● YOUR ASSIGNMENT: Copy each line from the entries that the word "Helena" appears in.

● EXERCISE INPUTS:
┌──

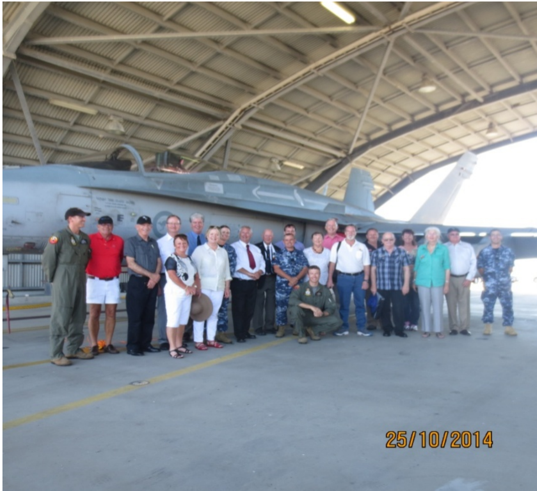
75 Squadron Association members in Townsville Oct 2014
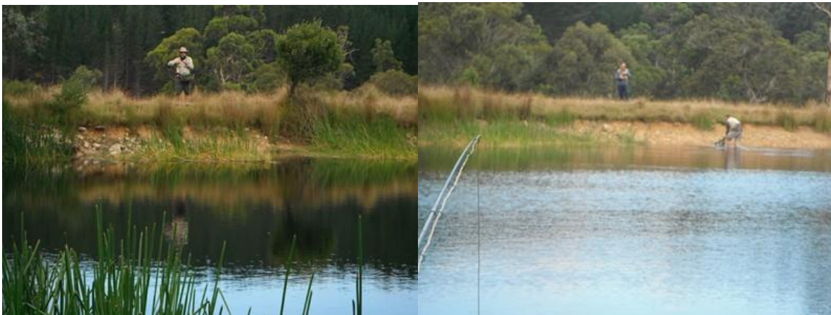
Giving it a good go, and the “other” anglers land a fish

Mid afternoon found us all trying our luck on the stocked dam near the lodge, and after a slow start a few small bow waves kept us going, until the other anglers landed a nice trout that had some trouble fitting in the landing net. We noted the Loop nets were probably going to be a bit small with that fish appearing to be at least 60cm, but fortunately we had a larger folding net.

└──
┌──

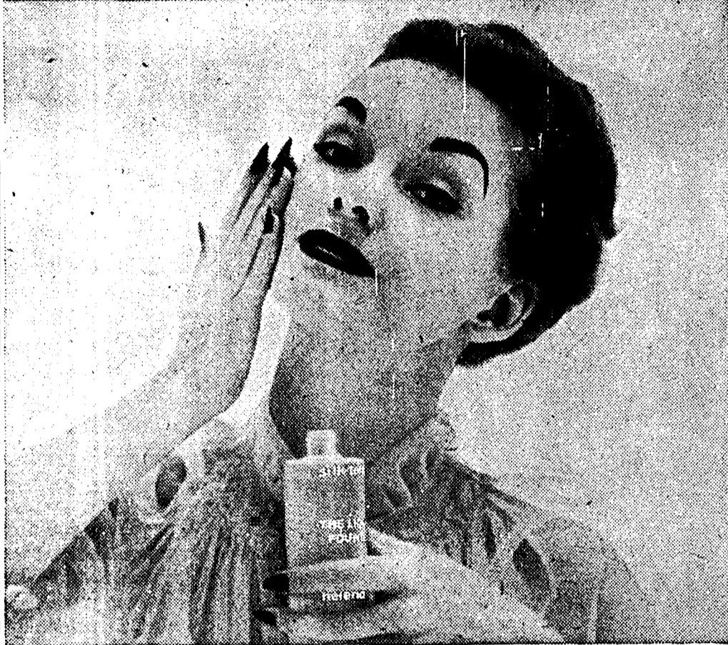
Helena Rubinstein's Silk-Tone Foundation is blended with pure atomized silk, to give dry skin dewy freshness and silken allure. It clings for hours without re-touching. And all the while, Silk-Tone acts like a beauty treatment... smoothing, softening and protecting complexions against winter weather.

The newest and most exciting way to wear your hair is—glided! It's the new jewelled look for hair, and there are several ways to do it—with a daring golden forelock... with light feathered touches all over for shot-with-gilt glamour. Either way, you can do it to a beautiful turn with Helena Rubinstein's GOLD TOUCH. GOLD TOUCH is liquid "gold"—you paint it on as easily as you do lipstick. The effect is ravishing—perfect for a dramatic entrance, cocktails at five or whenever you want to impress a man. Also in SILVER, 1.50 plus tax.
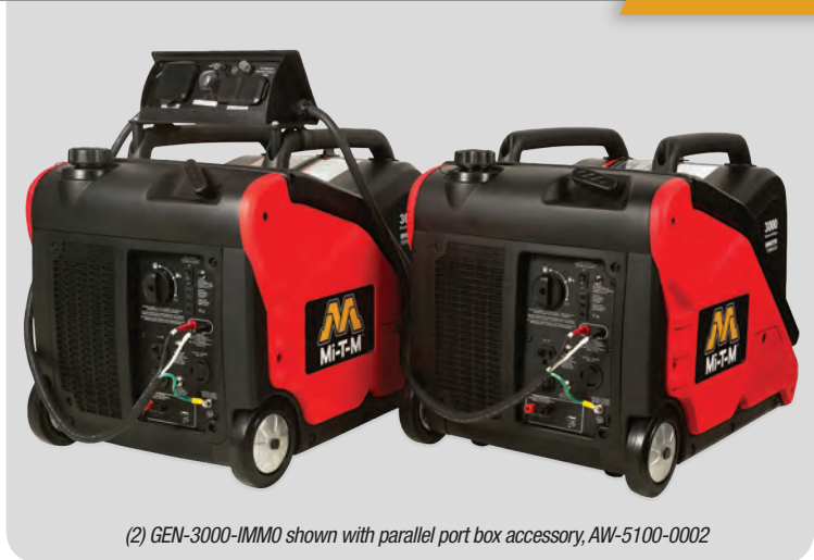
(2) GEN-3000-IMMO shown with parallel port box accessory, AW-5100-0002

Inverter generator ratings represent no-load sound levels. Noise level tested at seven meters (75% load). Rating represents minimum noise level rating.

└──
┌──

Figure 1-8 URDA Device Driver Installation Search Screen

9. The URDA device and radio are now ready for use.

└──

● ANSWER FOR THIS EXERCISE:
Helena Rubinstein's Silk-Tone Foundation is blended with pure atomized silk, to give dry skin dewy freshness and silken allure. It clings for hours without re-touching. And all the while, Silk-Tone acts like a beauty treatment... smoothing, softening and protecting complexions against winter weather.
The newest and most exciting way to wear your hair is—glided! It's the new jewelled look for hair, and there are several ways to do it—with a daring golden forelock... with light feathered touches all over for shot-with-gilt glamour. Either way, you can do it to a beautiful turn with Helena Rubinstein's GOLD TOUCH. GOLD TOUCH is liquid "gold"—you paint it on as easily as you do lipstick. The effect is ravishing—perfect for a dramatic entrance, cocktails at five or whenever you want to impress a man. Also in SILVER, 1.50 plus tax.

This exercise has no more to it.